Excerpted records:

----------

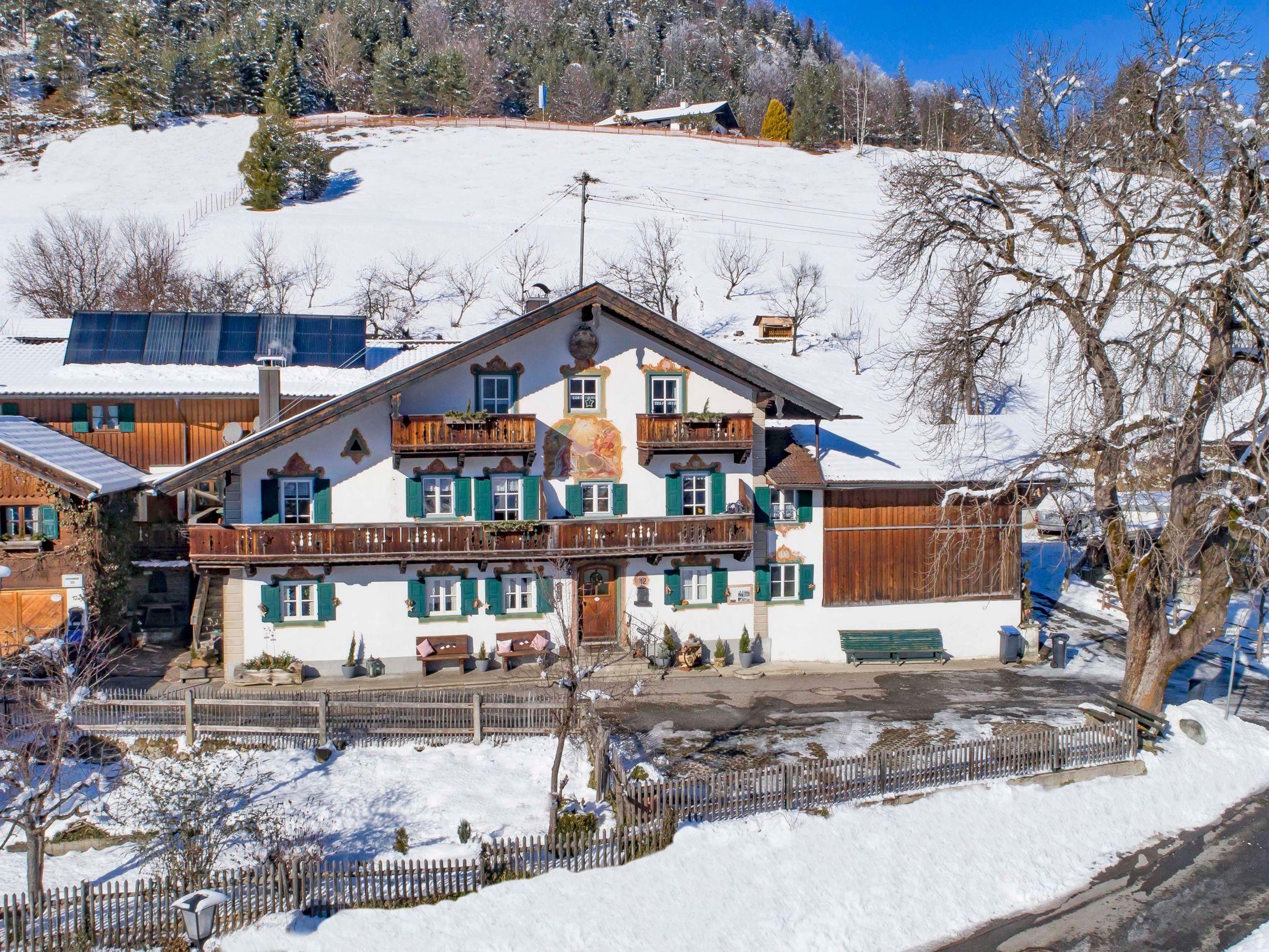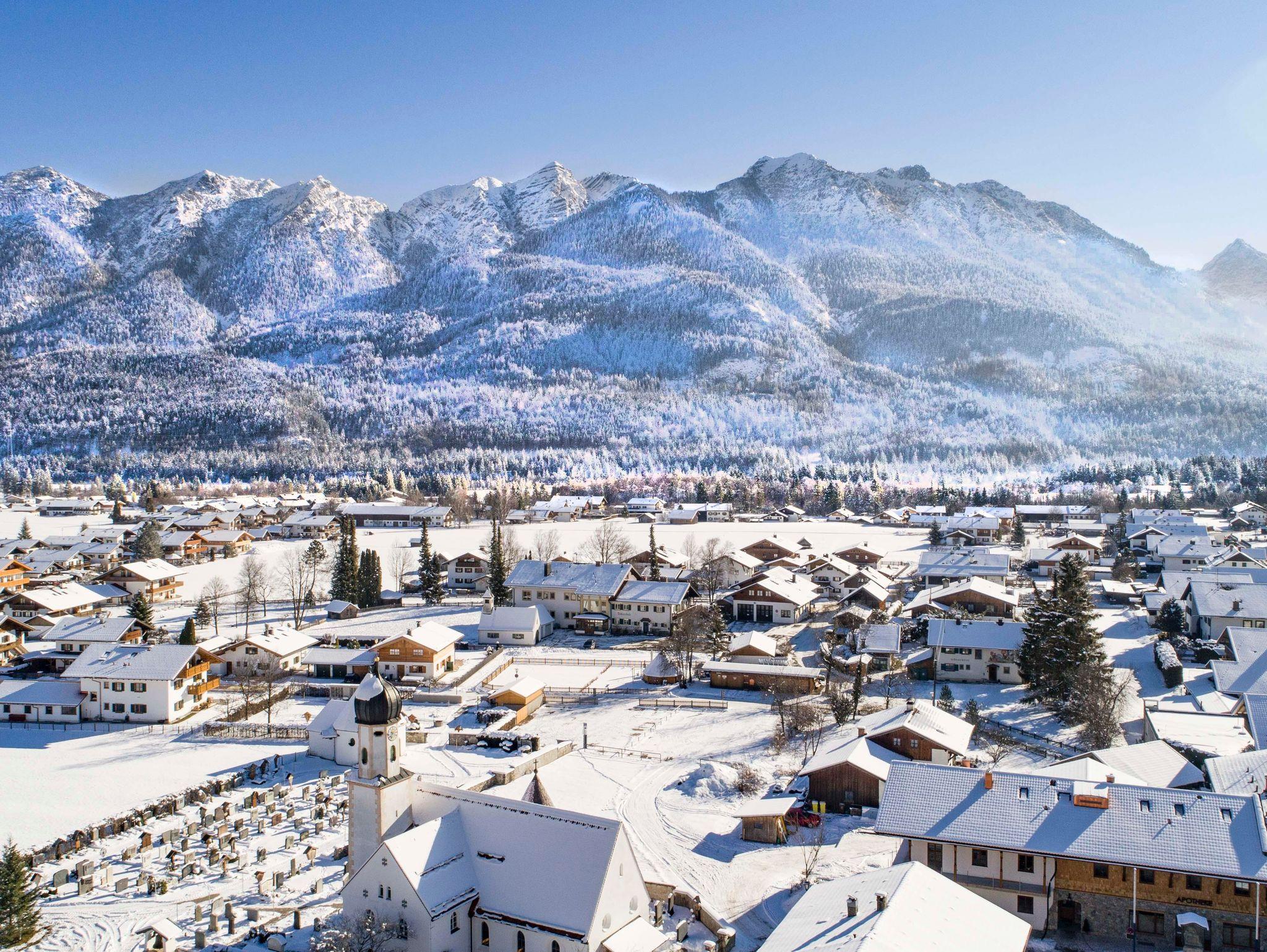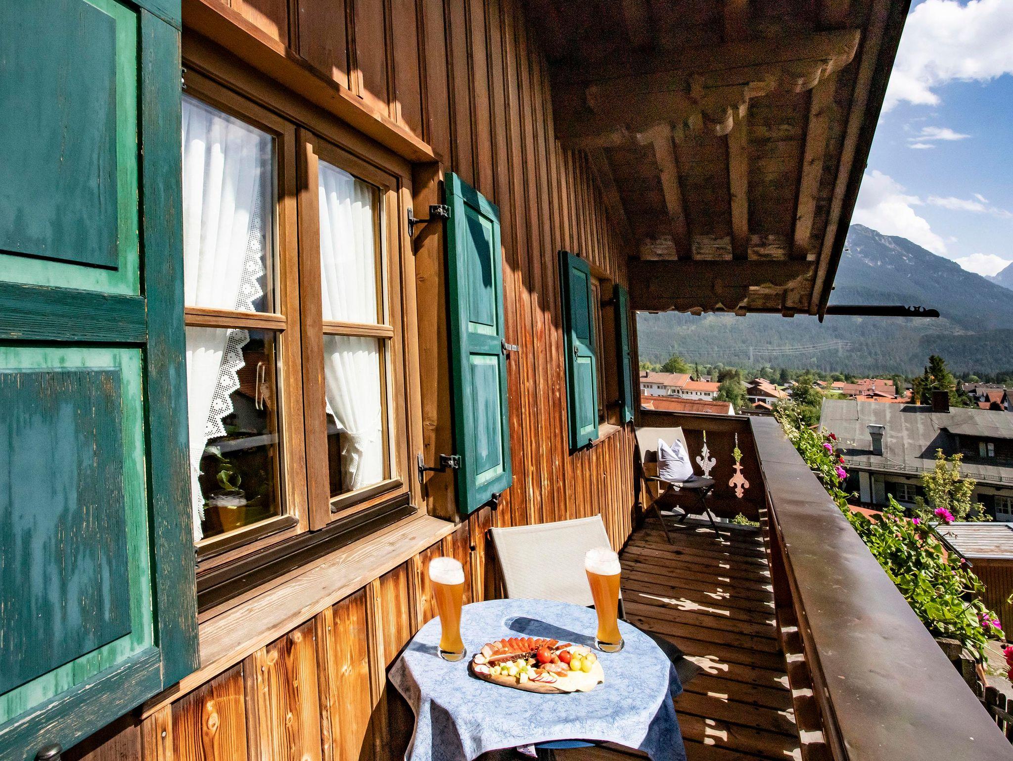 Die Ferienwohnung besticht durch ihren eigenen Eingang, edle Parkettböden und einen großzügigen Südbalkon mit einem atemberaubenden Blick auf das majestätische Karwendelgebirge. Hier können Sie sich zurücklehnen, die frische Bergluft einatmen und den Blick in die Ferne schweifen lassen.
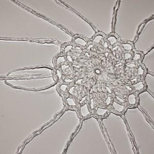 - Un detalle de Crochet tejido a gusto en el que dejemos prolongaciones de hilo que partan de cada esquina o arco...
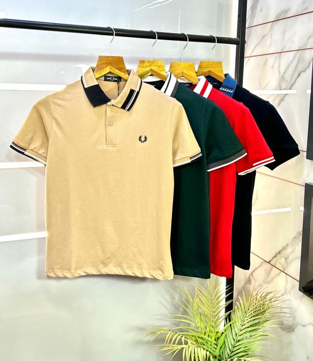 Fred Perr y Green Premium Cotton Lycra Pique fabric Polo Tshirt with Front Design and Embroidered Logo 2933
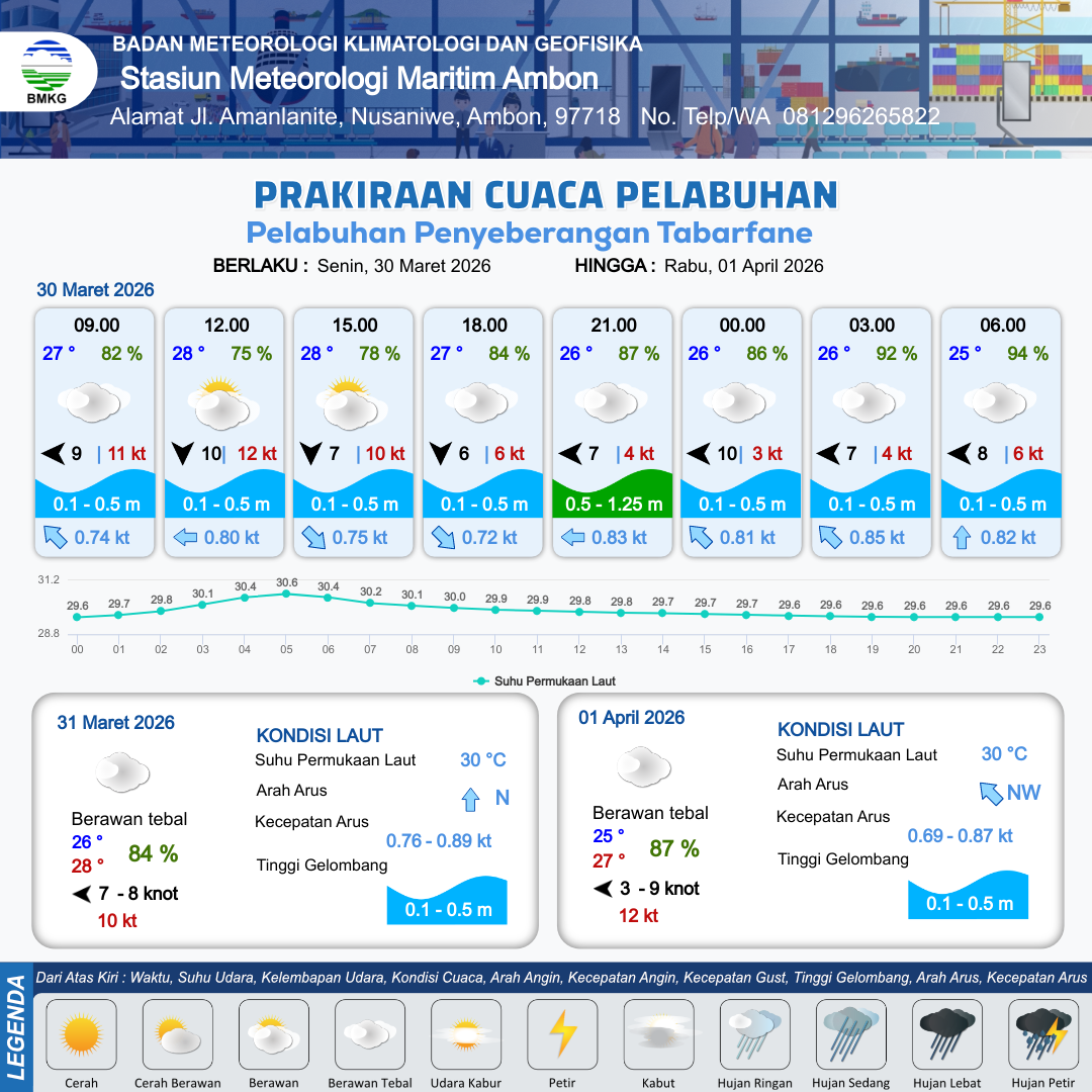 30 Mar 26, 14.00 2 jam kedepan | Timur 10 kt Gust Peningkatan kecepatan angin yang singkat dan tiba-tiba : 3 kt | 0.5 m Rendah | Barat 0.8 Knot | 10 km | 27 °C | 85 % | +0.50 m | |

----------

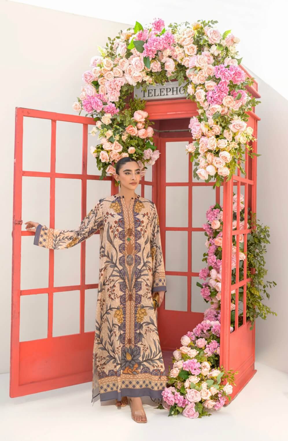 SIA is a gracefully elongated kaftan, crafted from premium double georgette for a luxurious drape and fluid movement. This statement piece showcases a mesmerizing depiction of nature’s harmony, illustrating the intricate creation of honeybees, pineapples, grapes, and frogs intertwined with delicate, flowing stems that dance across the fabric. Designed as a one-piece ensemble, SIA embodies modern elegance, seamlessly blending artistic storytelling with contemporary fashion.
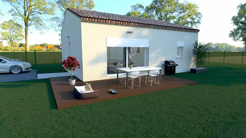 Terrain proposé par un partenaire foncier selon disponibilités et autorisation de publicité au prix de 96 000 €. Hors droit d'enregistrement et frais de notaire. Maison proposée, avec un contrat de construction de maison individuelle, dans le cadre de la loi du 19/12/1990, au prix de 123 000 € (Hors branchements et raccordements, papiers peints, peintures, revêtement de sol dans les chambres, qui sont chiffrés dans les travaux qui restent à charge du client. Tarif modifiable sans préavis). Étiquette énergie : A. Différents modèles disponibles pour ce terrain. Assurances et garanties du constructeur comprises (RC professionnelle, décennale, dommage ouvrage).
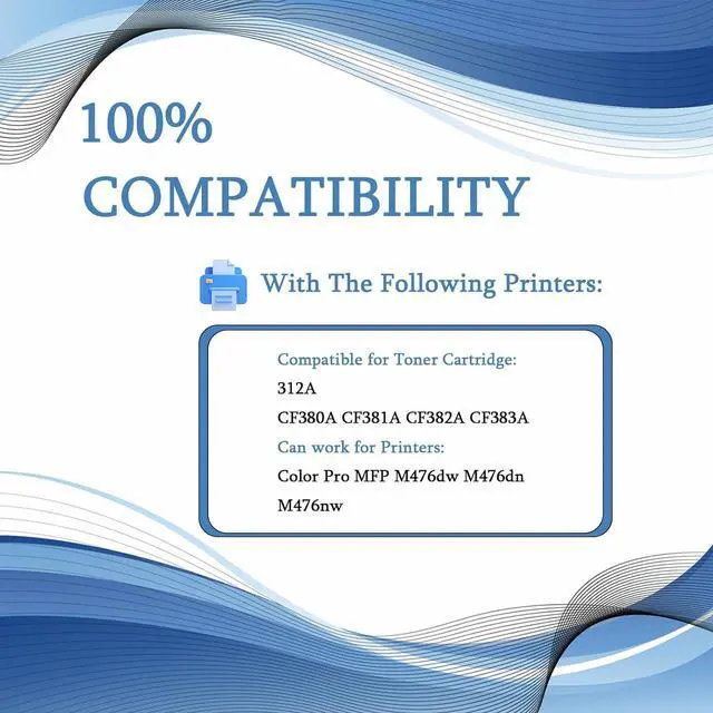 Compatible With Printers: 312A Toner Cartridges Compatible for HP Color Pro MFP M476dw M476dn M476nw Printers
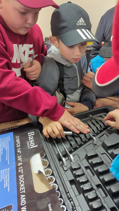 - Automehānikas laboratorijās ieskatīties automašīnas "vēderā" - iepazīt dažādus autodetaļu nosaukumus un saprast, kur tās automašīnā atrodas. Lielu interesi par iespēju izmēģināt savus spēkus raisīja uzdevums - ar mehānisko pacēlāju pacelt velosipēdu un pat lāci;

----------

Your goal: Having found the line with "Die Ferienwohnung besticht" and the line with "30 Mar 26, 14.00" in the material above, write out exactly those two and every line between, leaving the pictures out.

Answer space:
 Die Ferienwohnung besticht durch ihren eigenen Eingang, edle Parkettböden und einen großzügigen Südbalkon mit einem atemberaubenden Blick auf das majestätische Karwendelgebirge. Hier können Sie sich zurücklehnen, die frische Bergluft einatmen und den Blick in die Ferne schweifen lassen.
 - Un detalle de Crochet tejido a gusto en el que dejemos prolongaciones de hilo que partan de cada esquina o arco...
 Fred Perr y Green Premium Cotton Lycra Pique fabric Polo Tshirt with Front Design and Embroidered Logo 2933
 30 Mar 26, 14.00 2 jam kedepan | Timur 10 kt Gust Peningkatan kecepatan angin yang singkat dan tiba-tiba : 3 kt | 0.5 m Rendah | Barat 0.8 Knot | 10 km | 27 °C | 85 % | +0.50 m | |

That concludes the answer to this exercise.